■ Directions
Each line below from the line with "Mixed lot of" to the line with "Pole is equipped" must be copied exactly, including those two, and no picture may appear in the copy.

■ Extracted material
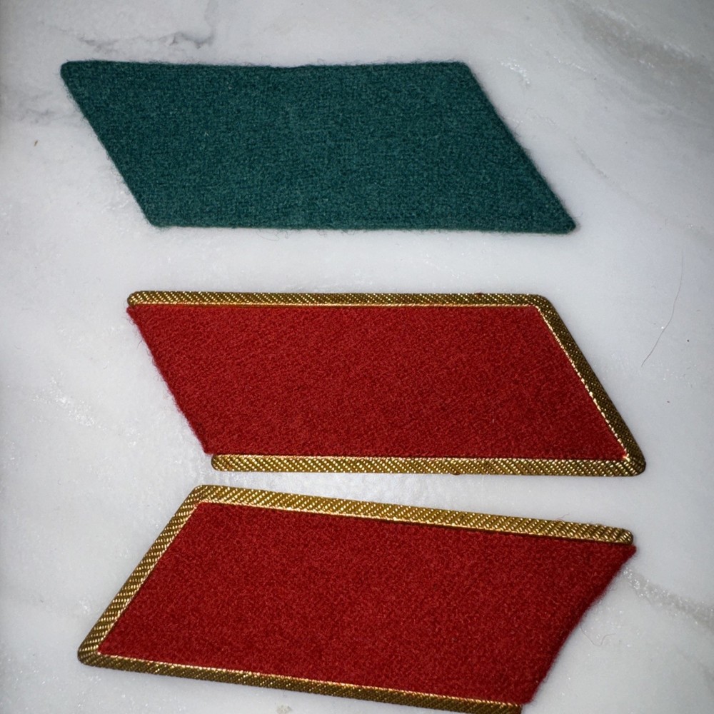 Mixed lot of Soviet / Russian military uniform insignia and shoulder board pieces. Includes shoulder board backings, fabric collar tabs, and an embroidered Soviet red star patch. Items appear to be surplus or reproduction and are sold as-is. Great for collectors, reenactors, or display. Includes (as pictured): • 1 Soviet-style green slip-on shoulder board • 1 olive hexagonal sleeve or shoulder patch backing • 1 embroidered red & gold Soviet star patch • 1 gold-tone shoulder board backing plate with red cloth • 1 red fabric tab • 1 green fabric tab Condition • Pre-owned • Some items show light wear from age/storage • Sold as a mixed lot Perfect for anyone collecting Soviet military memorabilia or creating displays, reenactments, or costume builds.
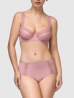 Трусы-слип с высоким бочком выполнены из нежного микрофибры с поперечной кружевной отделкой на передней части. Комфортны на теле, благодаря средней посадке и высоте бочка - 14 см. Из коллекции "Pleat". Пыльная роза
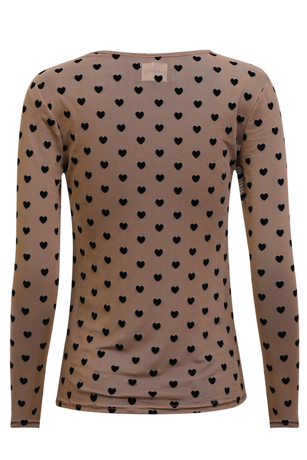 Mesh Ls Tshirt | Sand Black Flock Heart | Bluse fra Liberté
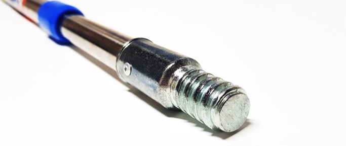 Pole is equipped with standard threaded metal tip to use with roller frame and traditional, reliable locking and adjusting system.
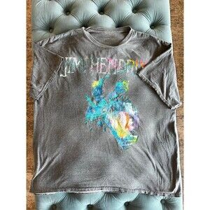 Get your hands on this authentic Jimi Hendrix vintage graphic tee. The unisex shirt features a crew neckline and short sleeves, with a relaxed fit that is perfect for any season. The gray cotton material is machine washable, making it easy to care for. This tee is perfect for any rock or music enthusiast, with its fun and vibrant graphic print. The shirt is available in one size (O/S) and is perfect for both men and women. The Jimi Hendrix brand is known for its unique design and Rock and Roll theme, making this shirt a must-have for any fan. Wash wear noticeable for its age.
==
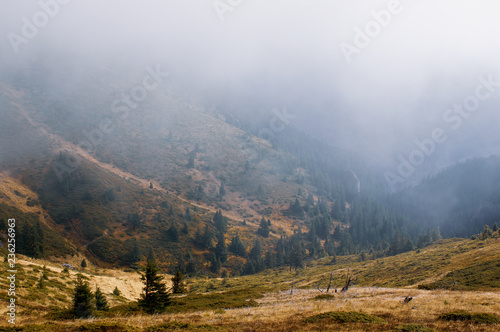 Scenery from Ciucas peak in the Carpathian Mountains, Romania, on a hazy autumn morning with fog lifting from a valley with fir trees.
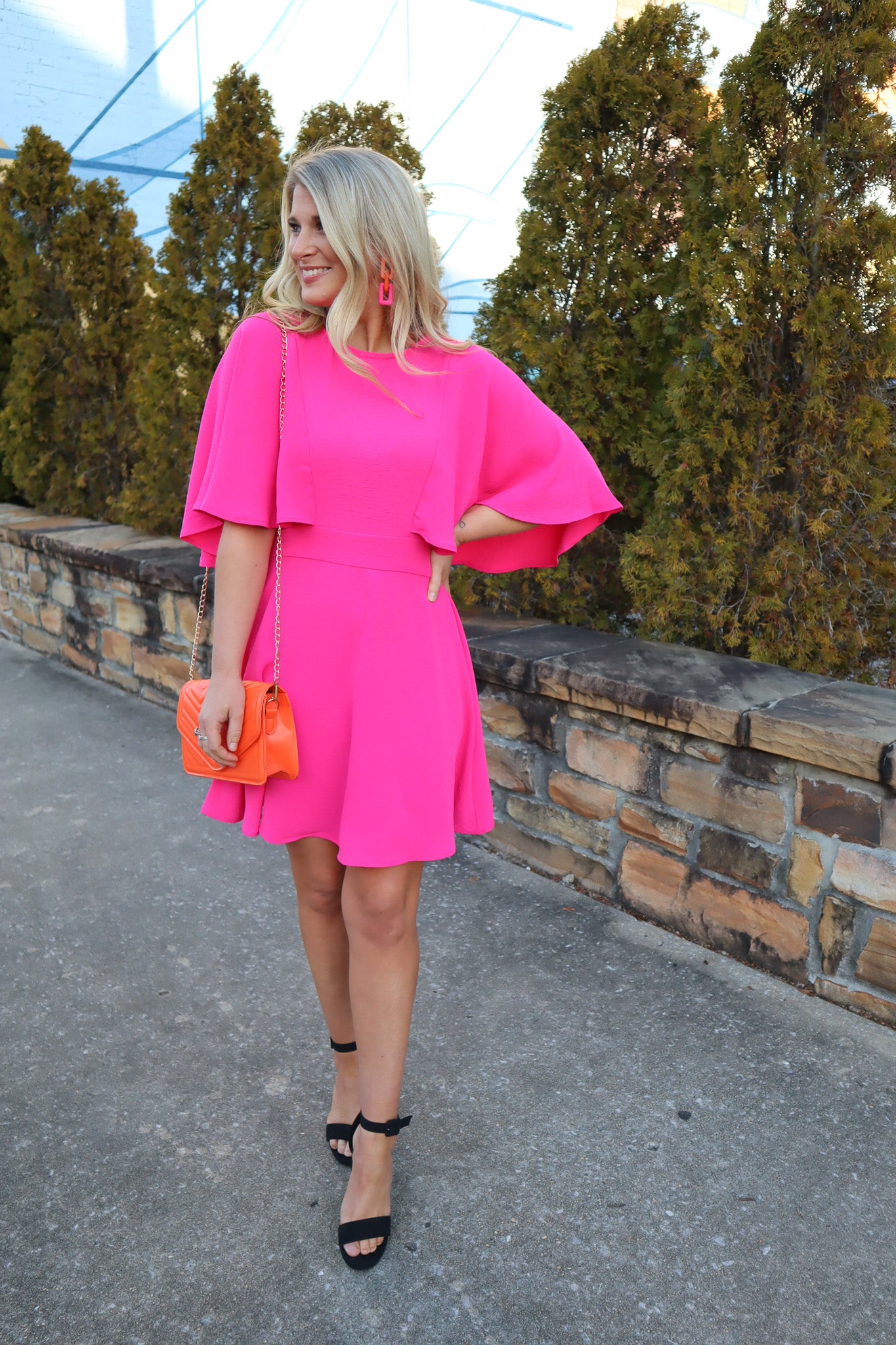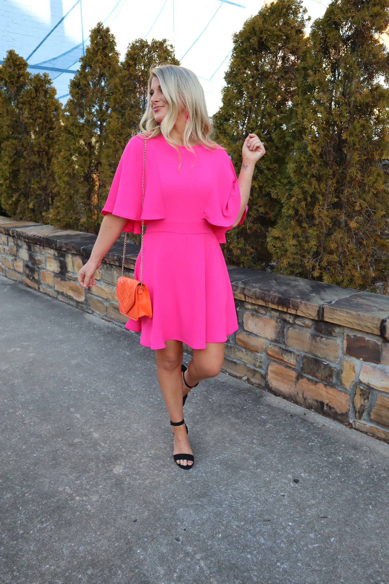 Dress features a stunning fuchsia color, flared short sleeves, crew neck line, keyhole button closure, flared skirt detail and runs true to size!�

■ Solved problem
 Mixed lot of Soviet / Russian military uniform insignia and shoulder board pieces. Includes shoulder board backings, fabric collar tabs, and an embroidered Soviet red star patch. Items appear to be surplus or reproduction and are sold as-is. Great for collectors, reenactors, or display. Includes (as pictured): • 1 Soviet-style green slip-on shoulder board • 1 olive hexagonal sleeve or shoulder patch backing • 1 embroidered red & gold Soviet star patch • 1 gold-tone shoulder board backing plate with red cloth • 1 red fabric tab • 1 green fabric tab Condition • Pre-owned • Some items show light wear from age/storage • Sold as a mixed lot Perfect for anyone collecting Soviet military memorabilia or creating displays, reenactments, or costume builds.
 Трусы-слип с высоким бочком выполнены из нежного микрофибры с поперечной кружевной отделкой на передней части. Комфортны на теле, благодаря средней посадке и высоте бочка - 14 см. Из коллекции "Pleat". Пыльная роза
 Mesh Ls Tshirt | Sand Black Flock Heart | Bluse fra Liberté
 Pole is equipped with standard threaded metal tip to use with roller frame and traditional, reliable locking and adjusting system.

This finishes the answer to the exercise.